Although Gen. Frank McKenzie, the head of US Central Command, described the Taliban as “very pragmatic and very businesslike,” the senior State Department official said that pragmatism “was focused on ensuring that we would be able to depart on the schedule that our President had set and that we would not be lingering or providing reasons why we needed to stay longer than August 31.”
They said the idea that the US handed the Taliban “a holistic list” of SIV applicants and other vulnerable Afghans seeking to leave the country “is incorrect,” but that they did “on a couple of occasions” provide bus manifests to try to facilitate those vehicles’ passage through Taliban checkpoints.
“This was to try to provide a degree of confidence that the Afghans who were on those buses were, in fact, Afghans who were locally employed staff of our diplomatic mission or other allied diplomatic missions, that they were foreign passport holders, so in some cases dual nationals, in other cases, native born citizens of those particular countries, and in some other cases that they were individuals for whom we had a particular interest and wanted to facilitate the departure of,” they explained.
“When it worked well, and it did for a couple of days, for periods, It enabled us to move through those checkpoints, thousands of people that we and NATO allies and partners were seeking to have depart,” they said.
However, the official acknowledged there were also days where it did not work well.
“We had a couple of instances where buses were a mix of foreign nationals and Afghan local employees of other missions, and the (Taliban) would only let pass the foreign nationals, and they turned away or they held at that location the Afghan citizens who were on that particular movement,” they said. “In some of those cases, we were able to successfully persuade them to then, in subsequent days, to allow that group to go forward.”
The State Department official spoke of the anguish that many of those working on the ground felt in the attempt to try to save as many people as they could in the rushed final days of the US presence on the ground.
Chairman of the Joint Chiefs of Staff Gen.
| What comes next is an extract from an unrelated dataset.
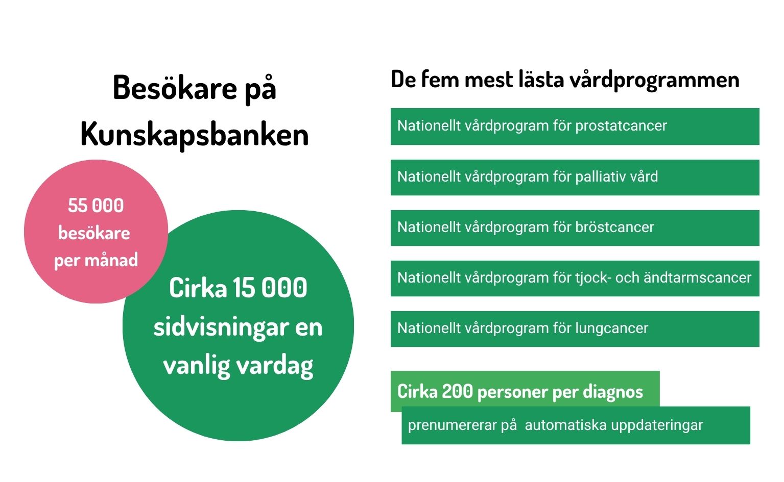 - Kunskapsbanken, där alla regimer, vårdprogram och vårdförlopp finns, har cirka 15 000 sidvisningar om dagen.
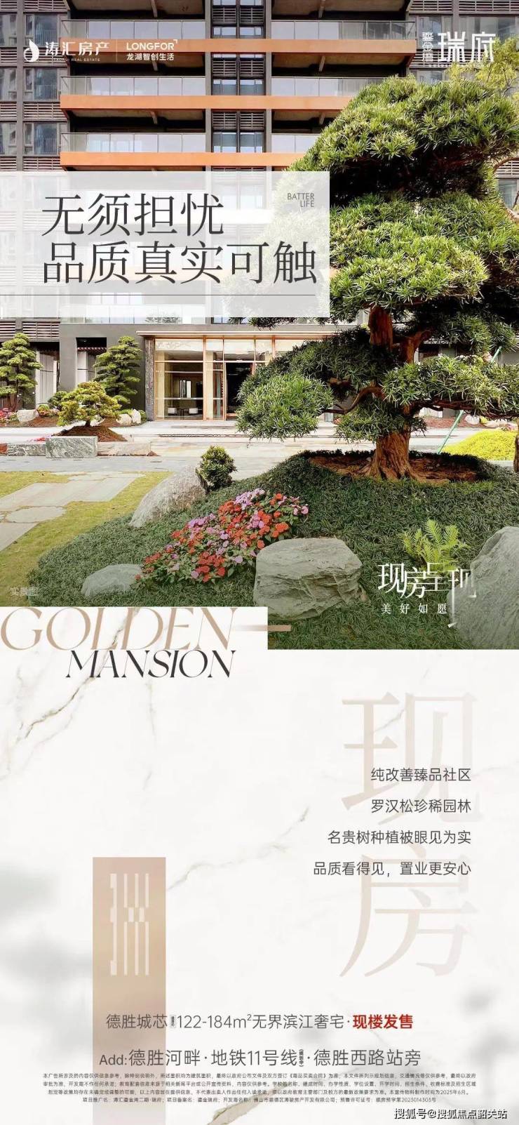 居者,当以天地为院,以江河为邻。顺德鎏金湾瑞府,踞守德胜河畔鎏金岸线,以罗汉松园林为笔,隐奢四房为笺,敬献塔尖人物的一方人生臻境。建面约122-184㎡纯改善奢宅,单价13000元/㎡起,静候时代人物藏鉴。

Mark Milley told reporters at the Pentagon Wednesday that he feels “pain and anger” over seeing what has happened in Afghanistan “over the last 20 years and over the last 20 days.”
In addition to the thousands of vulnerable Afghans who did make it onto evacuation flights, there is also a group of American citizens who were not evacuated by Monday’s withdrawal.
McKenzie told reporters Monday, “We did not get everybody out that we wanted to get out.”
Secretary of State Antony Blinken said Monday that the US was committed to getting these Americans, as well as vulnerable Afghans, out of the country.
“We’ve worked intensely to evacuate and relocate Afghans who worked alongside us, and are at particular risk of reprisal. We’ve gotten many out, but many are still there. We will keep working to help them. Our commitment to them has no deadline,” he said.
CNN’s Michael Conte contributed to this report.